Margaret, meanwhile, had been left behind in France along with the rest of the duke’s young family, at first under the supervision of their mother Isabelle of Lorraine, and then – from 1435,
when Isabelle made her way to Naples as an advance guard for her imprisoned husband’s claims there – of their formidable grandmother, Yolanda of Aragon. By the time René eventually returned home in 1442, twelve-year-old Margaret had learned an extended lesson in how capable a woman could be when called upon to wield authority for an absent husband or son. She had also discovered that neither power nor wealth could be taken for granted. Rights, it seemed, had to be fought for, possession asserted rather than assumed.

Still, the observation that the wearing of a crown did not automatically confer control of a kingdom seemed unlikely to bear directly on Margaret’s own experiences. Her marriage was already much discussed, but none of her prospective suitors – the son of the count of St Pol, and successively the son and the nephew of the duke of Burgundy, powerful though they might be – offered her a throne.

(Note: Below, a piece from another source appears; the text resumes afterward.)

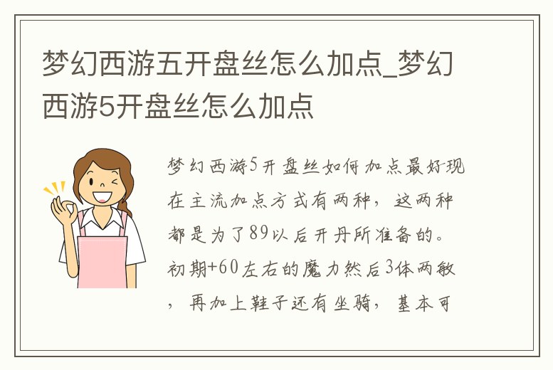 夢幻西游五開盤絲怎么加點_夢幻西游5開盤絲怎么加點

Nor did the return of her thwarted and impoverished father, a king in insubstantial name only, promise a radical shift in her destiny. But it came all the same, thanks to the war between England and France that had been precipitated by Isabella’s claim to the French crown a hundred years before.

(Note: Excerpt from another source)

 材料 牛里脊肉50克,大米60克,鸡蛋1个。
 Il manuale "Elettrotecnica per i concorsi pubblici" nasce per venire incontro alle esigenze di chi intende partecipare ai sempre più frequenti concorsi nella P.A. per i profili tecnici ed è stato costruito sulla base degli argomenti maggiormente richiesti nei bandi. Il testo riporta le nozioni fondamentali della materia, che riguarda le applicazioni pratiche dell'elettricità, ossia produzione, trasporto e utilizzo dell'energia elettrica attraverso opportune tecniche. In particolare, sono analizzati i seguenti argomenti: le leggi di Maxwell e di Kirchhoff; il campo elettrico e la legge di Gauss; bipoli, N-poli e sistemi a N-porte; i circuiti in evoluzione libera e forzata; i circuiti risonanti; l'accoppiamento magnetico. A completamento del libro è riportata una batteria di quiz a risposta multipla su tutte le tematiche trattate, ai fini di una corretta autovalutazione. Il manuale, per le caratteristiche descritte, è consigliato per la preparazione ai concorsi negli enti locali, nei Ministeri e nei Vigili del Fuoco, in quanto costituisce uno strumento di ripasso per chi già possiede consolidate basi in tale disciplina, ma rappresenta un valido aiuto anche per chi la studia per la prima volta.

Before her death in 1358, Isabella had had the satisfaction of seeing her son, Edward III, win great victories at Crécy and Poitiers in pursuit of the throne that, he believed, she had bequeathed him. That claim was fiercely disputed by the French, who now elaborated the pragmatic precedent by which Isabella’s brothers had become kings of France in place of their infant nieces into a freshly minted ‘ancient’ tradition, the ‘Salic Law’, which formally prohibited female heirs from either taking, or transmitting rights to, the crown. But despite this French resistance, Edward’s military talents were enough to regain control of the great duchy of Aquitaine, restored almost to the glories of its full extent under its duchess Eleanor centuries earlier.

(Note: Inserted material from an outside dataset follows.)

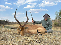 It was a great hunt, and just what I hoped it would be. A day-long stalk that ends with a good first shot, a bit of follow up shooting, and a death bellow...couldn't ask for much more for a first time buff. I don't know if Gareth shared the video of the hyenas calling and moving in front of the blind but that was especially amazing; I felt like I was in some nat geo wildlife documentary. The cherry on top was the nice impala ram at the end of the hunt. Good stalk, got to see and hear a bit of rutting behavior, and an exciting/challenging shot to wrap up the stalk. It was a world class experience. I enjoyed hunting with Gareth and his team. All the CMS staff at both Matombo and Karunga were great and took care of me to a degree that made me feel a bit doted on. The buffalo tail and brisket stews with sadza were fantastic and will be remembered for a long time to come. As a wildlife biologist who works for the state of Idaho managing our wildlife and hunting opportunities, I really enjoyed seeing the Zim model of wildlife conservation. I asked a million questions to Gareth and if it annoyed him he did a good job of not letting it show! Hell, Gareth even did a good job humoring me checking off my bird list and plant questions. I feel like the story behind what folks like you all do in partnership with the Parks and the Communal/campfire areas is a fantastic story. I wish it was more widely told on a platform that's accessible to a wider audience than other hunters. Lastly, I really enjoyed the drives to and from Camp with Bruce and Royal. I'm an avid reader and had picked through a couple history books on Zim as well as a couple of memoirs from more recent times. Both of those guys gave interesting perspectives on all the questions that came from those readings. Great discussions with both. The dust hasn't even settled and I'm already thinking about how to come back, and convince others to hunt with you all as well. |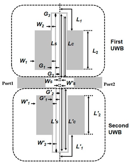 The first UWB response is set from 3.1 to 5 GHz with a stopband from 5.5 to >11 GHz, as in Section 3. The designed UWB BPF with a wide stopband is optimized using the EM simulation [30] and the dimension parameters are shown in Figure 4. The simulated results have a wide stopband with an attenuation is larger than 20 dB from 5.9 to 12 GHz, as shown in Figure 4. Therefore, the second UWB response can be designed in the wide stopband region of the first UWB response.

Edward’s triumphs, however, did not last. Less than thirty years after his death, English politics imploded spectacularly under the strain of the paranoid megalomania of his grandson, Richard II.
Richard lost his throne and his life to his cousin, Henry of Lancaster, and the French were full of scorn when Henry’s son, Henry V, sought to renew the English claim to their kingdom. But their jeers fell silent when this stern young man – scarred by a crossbow bolt taken full in the face amid the maelstrom of battle at the age of just sixteen – crushed the flower of French chivalry into the mud at Agincourt. He proceeded, town by town and castle by castle, to conquer Normandy for the first time since it had slipped through King John’s fingers two hundred years earlier. By 1420 Henry was in a position to dictate terms to his bruised and battered opponents, and those terms were that he should marry the French king’s daughter Catherine and be recognised as heir to the French throne.